Project management software

PLANTA Project is a Project management software for the planning and control of projects that share the same resources. PLANTA Project is the successor to the multi-project management system PPMS, which was introduced in 1980. Unlike its predecessor PPMS, PLANTA Project offers process-oriented project management (based on the DIN 69901-2 norm, Project Management Institute (PMI), PRINCE2 or customer specific) and has a revised workflow-oriented interface, based on the open-source programming language Python, and MS .NET with panel technology which enables users to position windows as required.

PLANTA Project has been described as a flexible multi-project management software with particular strength in the areas of project and portfolio controlling.
“Its strength lies in the combination of a well-developed resource and time management module with coherent portfolio management and budgeting functionality.”

With PLANTA pulse it is possible to use PLANTA Project as a hybrid project management system. PLANTA pulse "can be used as independent web-based solution for agile project management. However, it is also connected to PLANTA Project. This enables integrated hybrid project management."

== Description ==
"PLANTA cannot only be used for operational project scheduling and resource management; it may also be used for strategic portfolio-planning support." There is a "basic workflow support, which currently can control the lifecycle of projects, ideas and requests."

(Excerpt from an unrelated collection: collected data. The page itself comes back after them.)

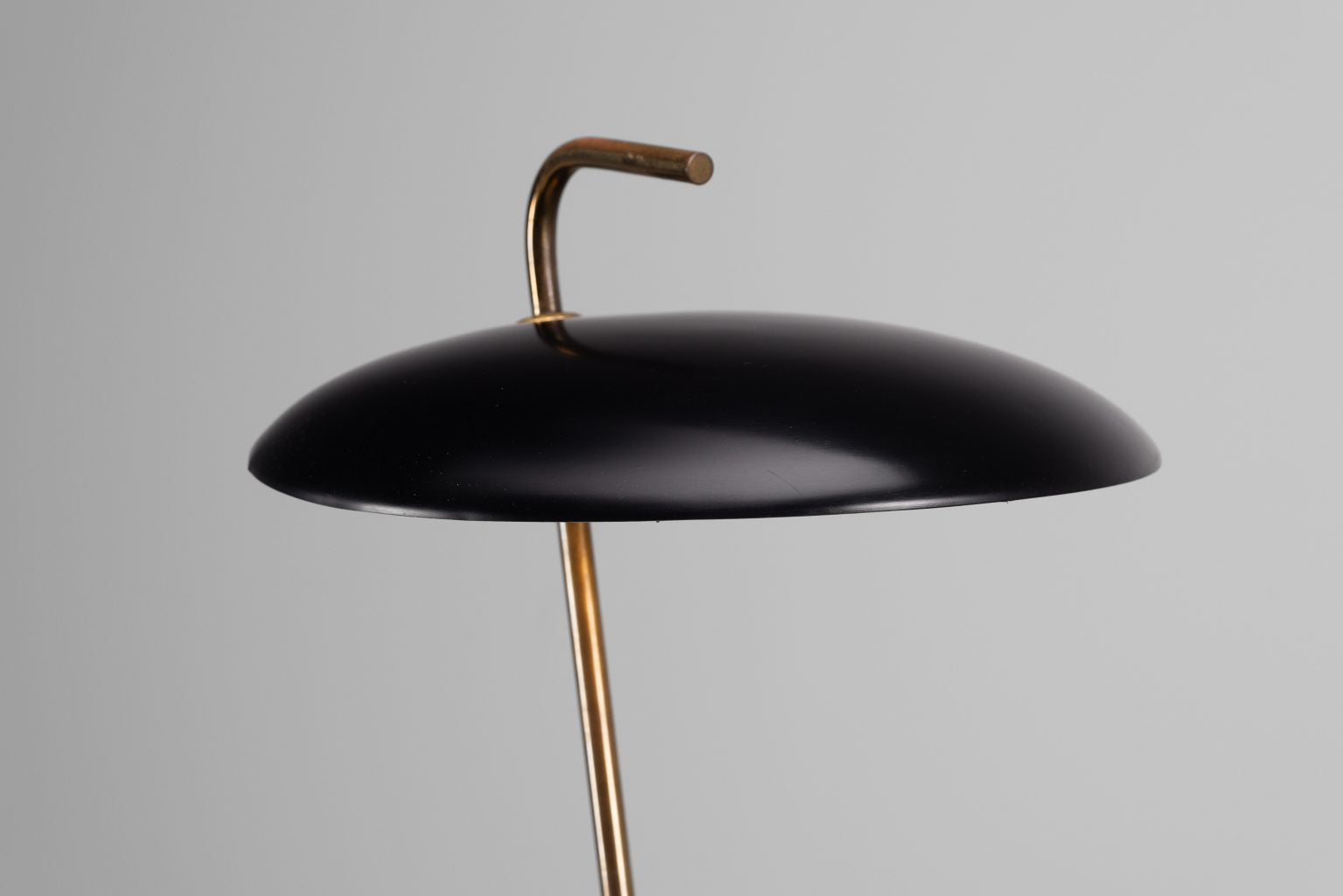 Stilnovo, table lamp, model 5120, Italy, circa 1950. Rare mid-century Italian lamp with a round white marble base, polished brass stem, and black-painted aluminum shade. The stem extends through the shade with a distinctive bent section, serving both functional and decorative purposes. The use of contrasting materials reflects Stilnovo’s modernist approach of the 1950s. In very good original condition with patina consistent with age.
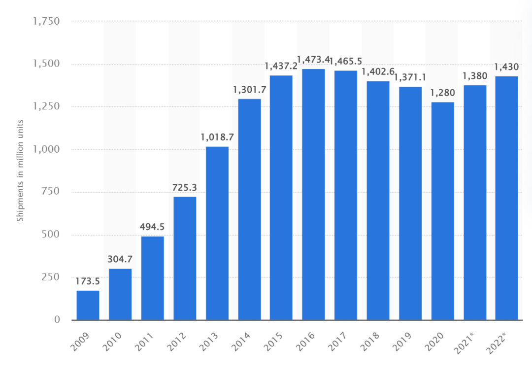 ▲2009-2022全球智能手机出货量统计及预测,数据来源:Counterpoint
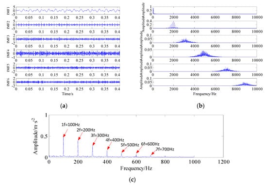 Figure 6c shows the envelop spectrum of IMF2 component. It was observed that the fault characteristic frequency f = 100 Hz and its harmonics (i.e., 2f, 3f, 4f, 5f, 6f and 7f) are extracted by using VMD method. Meanwhile, the amplitudes of spectral peak increase dramatically, thus making the extraction of fault frequencies easy and accurate. In summary, the experimental results fully illustrate that the proposed approach was able not only to detect the fault frequencies in a weak fault signal but also to remove noise well.
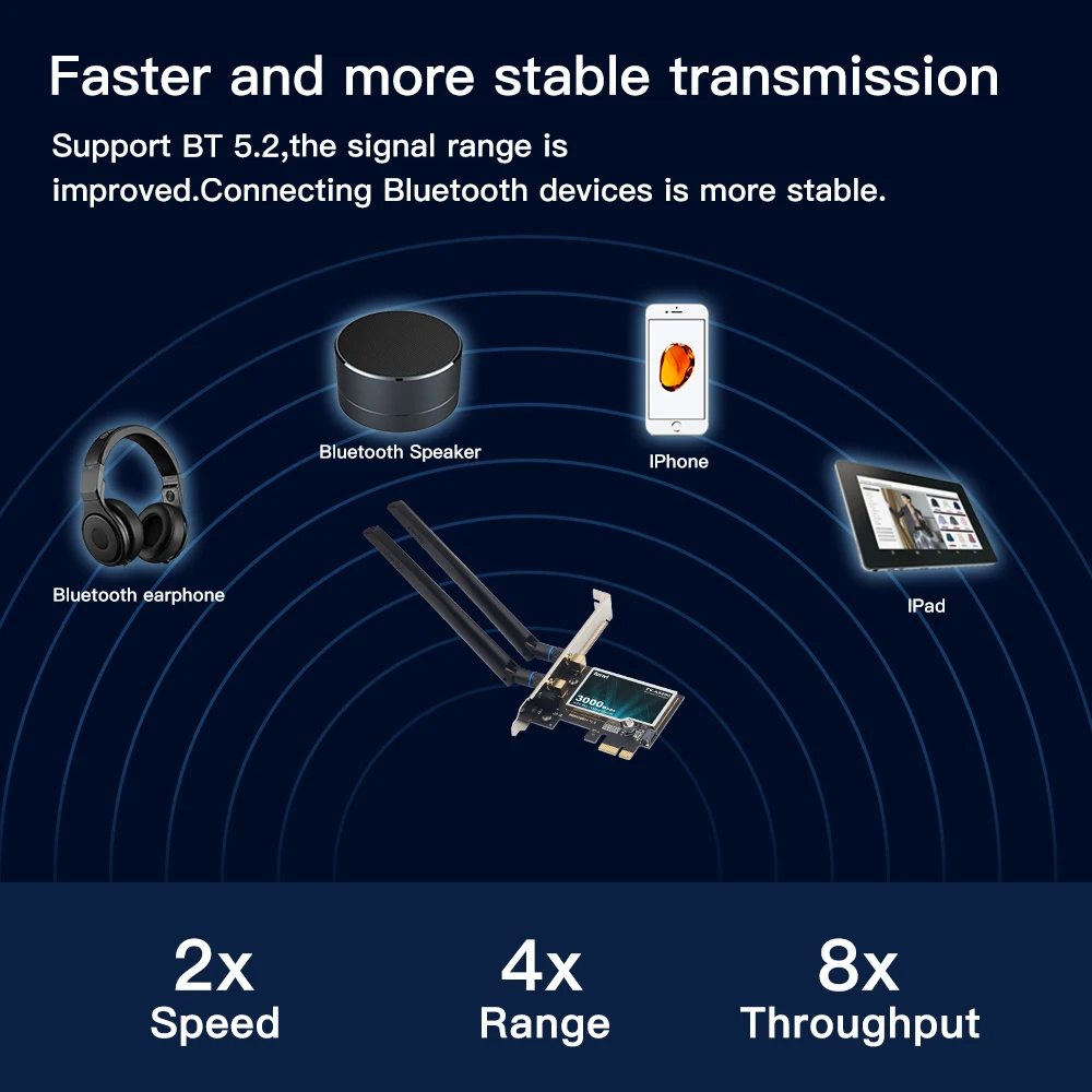 Настольный Intel AX200 Wi-Fi 6 беспроводной PCIe Wi-Fi 6E AX1800 2,4 ГГц5 ГГц для Bluetooth 5,2 AX200NGW 2,4 ГГц5 ГГц

The manufacturer claims that there is no limitation on the number of projects that can be planned in PLANTA Project, meaning that the complete company project portfolio from project ideas through to planned projects with resources and costs can be administered with the tool.
It also claims a special feature for PLANTA Project in the clear representation of enterprise resource planning showing at a glance which resources are available on a particular date. The planning module provides a detailed, hierarchical work breakdown structure together with milestone planning and milestone trend analysis as well as the representation of the schedule as a Gantt.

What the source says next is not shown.